Configuration/testing/deployment/change management process can be automated further using version-controlled configuration. Put your playbook directory (e.g. ~/playbooks/default) under git version control and start tracking changes to your configuration:

# create a project
xsrv init-project default
# enter the project directory
cd ~/playbooks/default/
# start tracking changes
git init
# add initial files
git add .
git commit -m "initial commit"
# change a configuration value
xsrv edit-host default prod.example.org
# add and commit the change
git add host_vars/prod.example.org/prod.example.org.yml
git commit -m "prod.example.org: change x configuration to y"
# push your changes
git push

Reverting changes:

  • git checkout your playbook directory as it was before the change or git reset to the desired, “good” commit.

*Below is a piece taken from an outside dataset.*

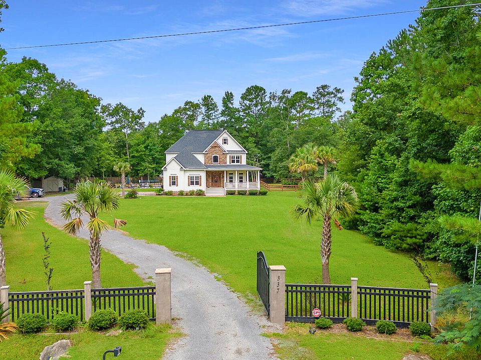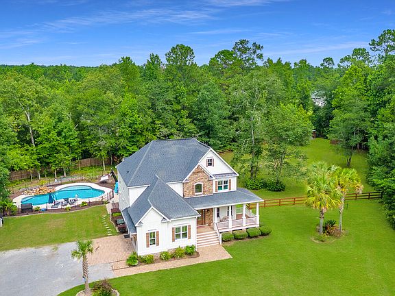 Introducing this exceptional custom built estate, embodying the epitome of luxury and functionality! Step inside and be captivated by the timeless elegance that surrounds you. From the meticulously crafted staircase in the grand foyer to the exquisite hardwood floors and custom moulding, every detail exudes sophistication.The open concept design on the main floor seamlessly blends spaciousness with purpose, providing the perfect layout for every aspect of your life. Picture yourself basking in the warm glow of the custom-built, dual-sided gas fireplace, whether it's on your enclosed patio or while sharing a delightful family meal. The kitchen, adorned with tall, custom cabinets, offers ample storage for all your culinary needs. Adjacent to the kitchen, discover a versatile flex spaceideal for a home office or any other creative endeavor. Journeying upstairs reveals a sanctuary of comfort with four bedrooms, two bathrooms, and a conveniently located laundry room, elevating the ease of daily living. The exterior of this estate matches the allure of its interior, radiating beauty and tranquility. Nestled amidst nature and secured by an automatic gate system, this private haven invites you to savor a serene ambiance. Picture yourself enjoying a tranquil morning coffee on the porch or indulging in an evening glass of wine by the enchanting poolside. With over two and a half acres of land, the potential for creating your dream oasis knows no bounds. Noteworthy highlights of this exceptional property include: - Expansive over two and a half acre lot - Saltwater pool featuring a mesmerizing waterfall - Dual-sided gas fireplace with an exquisite natural stone wall - Horse pasture complete with two run-in sheds - Enchanting landscape lighting illuminating the surroundings - Inviting stone patio for outdoor gatherings - Stunning Carrara marble backsplash in the kitchen - Custom closet in the owner's suite, offering personalized elegance - Luxurious Carrara marble flooring in the upstairs bathroom - Two convenient outdoor storage sheds - Automatic privacy gate for added security and convenience - Generously proportioned rooms providing ample space - Just minutes away from I-26, Nexton, and Canebay, ensuring easy accessibility - Expanded foundation, offering enhanced stability and future potential. This custom built estate, situated on a vast expanse of land, harmonizes elegance, functionality, and natural beauty, providing an extraordinary living experience that exceeds your every expectation.

  • apply the playbook xsrv deploy

You may have to restore data from last known good backups/a snapshot from before the change. See each role’s documentation for restoration instructions.

Continuous deployment

Projects stored in git repositories can be tied to a Continuous deployment system that will perform automated checks and deployments, controlled by git operations (similar to GitOps).

This example .gitlab-ci.yml checks the playbook for syntax errors, simulates the changes against staging and production environments, and waits for manual action (click on ) to run actual staging/production deployments.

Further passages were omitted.